CN112960796A - Method for removing sulfadimidine in wastewater - Google Patents

Abstract

The invention provides a method for removing sulfadimidine in wastewater. The method comprises the steps of filtering the wastewater, removing insoluble substances in the wastewater, adjusting the pH value of the wastewater, adding persulfate into the wastewater, uniformly mixing, adding ion exchange resin into the wastewater treated in the previous step, standing after reaction, adjusting the pH value of the wastewater, discharging supernatant, and recovering precipitates. The method for removing the sulfamethazine from the wastewater adopts the cheap and easily-obtained strong oxidant sodium persulfate, and generates sulfate radicals and hydroxyl radicals with strong oxidability after catalytic activation, compared with other common strong oxidants such as Cl₂、ClO₂、ClO^‑Etc. ofStronger oxidizing ability, less chemical reagent adding amount, economy and high removal rate.

Description

Method for removing sulfadimidine in wastewater

Technical Field

The invention belongs to the technical field of sewage treatment, and particularly relates to a method for removing sulfadimidine in wastewater.

Background

In recent years, with the rapid development of the pharmaceutical industry, pharmaceutical wastewater has become one of serious pollution sources. Sulfanilamide antibiotics are a general name of artificially synthesized drugs with a sulfanilamide structure, are widely used for preventing and treating bacterial infectious diseases, are one of antibiotic drugs with the largest production and use amount, are pollutants frequently detected in waste water and surface water, and pose a potential threat to the environment.
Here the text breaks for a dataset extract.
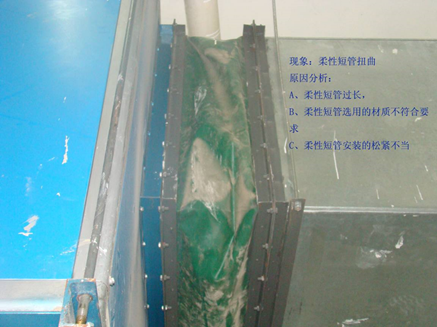 措施:柔性短管的主要作用是隔振,常用于风机及空调设备的进、出口处。作为与风管的连接管。由于系统的使用条件不同,柔性短管需承受的压力变化和温度、湿度的变化你也不同,所以要求柔性短管应采用减震、防潮、不透气、不霉变和防火的要求。
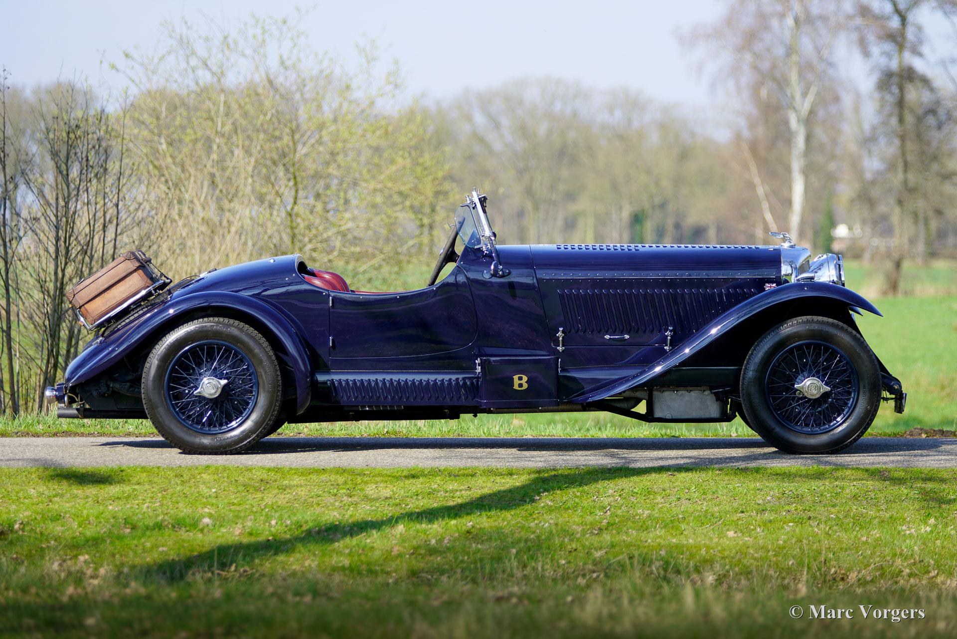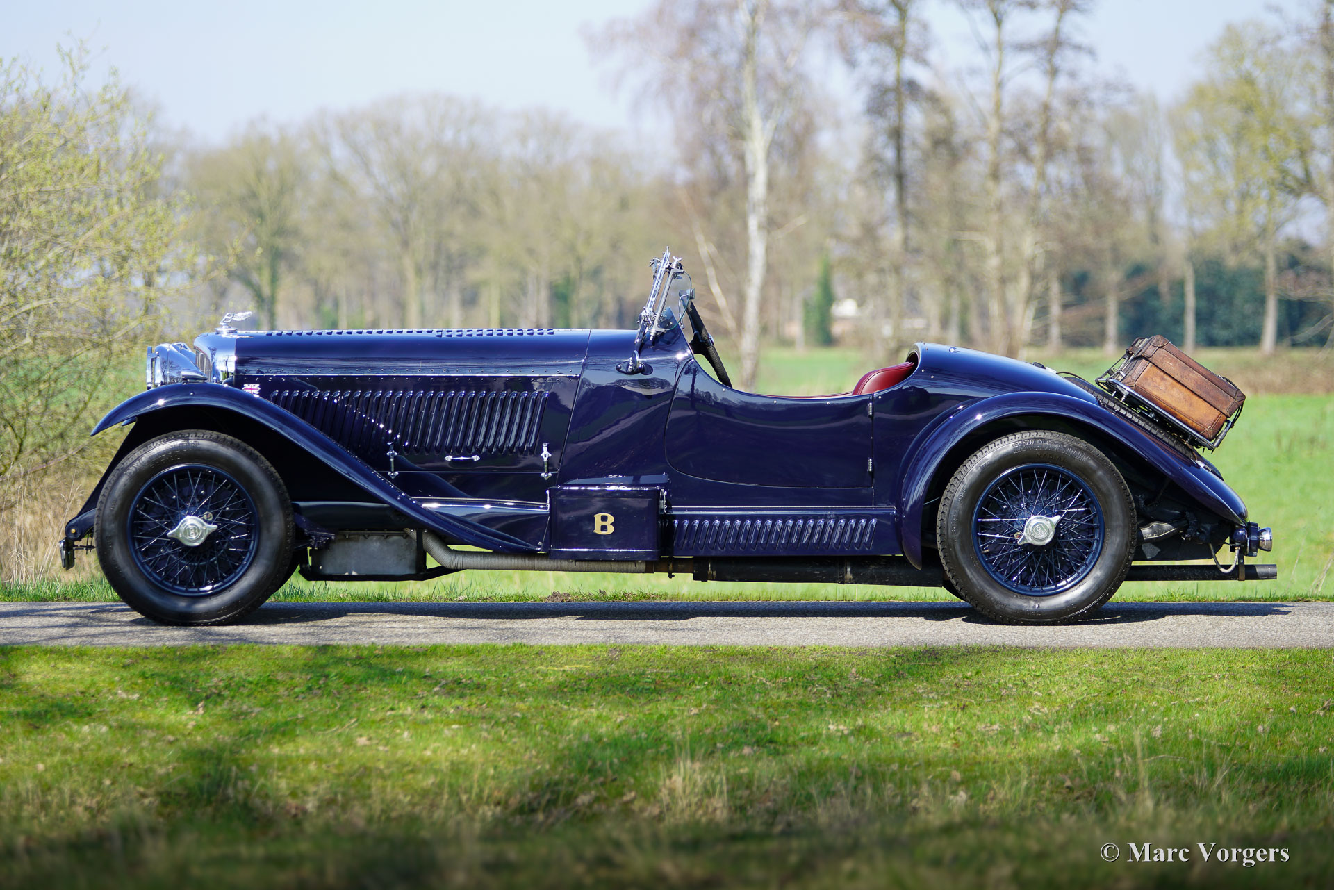 The Bentley 3 Litre was W.O. Bentley’s first design. The car was presented in 1919 but the first cars were sold in 1921. The four cylinder cars of rugged construction where in a class of their own for they combined the size and comfort of the big tourers and saloons with the road holding, and speed of the smaller sports- and racing cars. The Bentley was a true owner-driver car for the sporting motorist and connoisseur. The Bentley car could be had in three different types which were designated with three different radiator badges*. Red badge: short chassis speed model, Blue badge: the early short and then long chassis type for bespoke bodywork, Green badge: very rare and used for about eighteen 100 mph. These Green badge car won at Le Mans in 1924 and 1927 (Old Number Seven.) The 3-Litre was built from 1919 until 1929.

In the related art, the treatment of sulfonamide wastewater is mainly performed by the traditional physical and chemical methods, such as a solid-liquid separation method, an adsorption method and the like; and biological methods such as Activated Sludge Process, Sequencing Batch Reactor Activated Sludge Process (SBR) and Membrane Bioreactor (MBR), however, the above methods have poor effect on sulfanilamide wastewater treatment.

In addition, CN108355610A discloses a method for degrading sulfadimidine by a mesoporous carbon-loaded zero-valent iron composite material, wherein the method utilizes the synergistic effect of the composite material to continuously activate sodium persulfate to generate sulfate radicals to degrade sulfadimidine, thereby enhancing the degradation effect of sulfadimidine. CN109289851A discloses a method for preparing FeO/mesoporous carbon composite material degradation sulfadimethy pyrimidine by a one-step synthesis method, in the method, the prepared FeO/mesoporous carbon composite material is used for treating sulfonamide antibiotic wastewater which is difficult to biodegrade, so that the biodegradability of the sulfonamide antibiotic wastewater can be improved, and the method has the characteristics of simple, convenient and feasible operation steps and environmental friendliness. However, the above method still has the problems of low removal efficiency, severe material preparation and limited application.

Disclosure of Invention

The present invention is directed to solving at least one of the above problems in the prior art. Therefore, the invention provides a method for removing sulfadimidine in wastewater.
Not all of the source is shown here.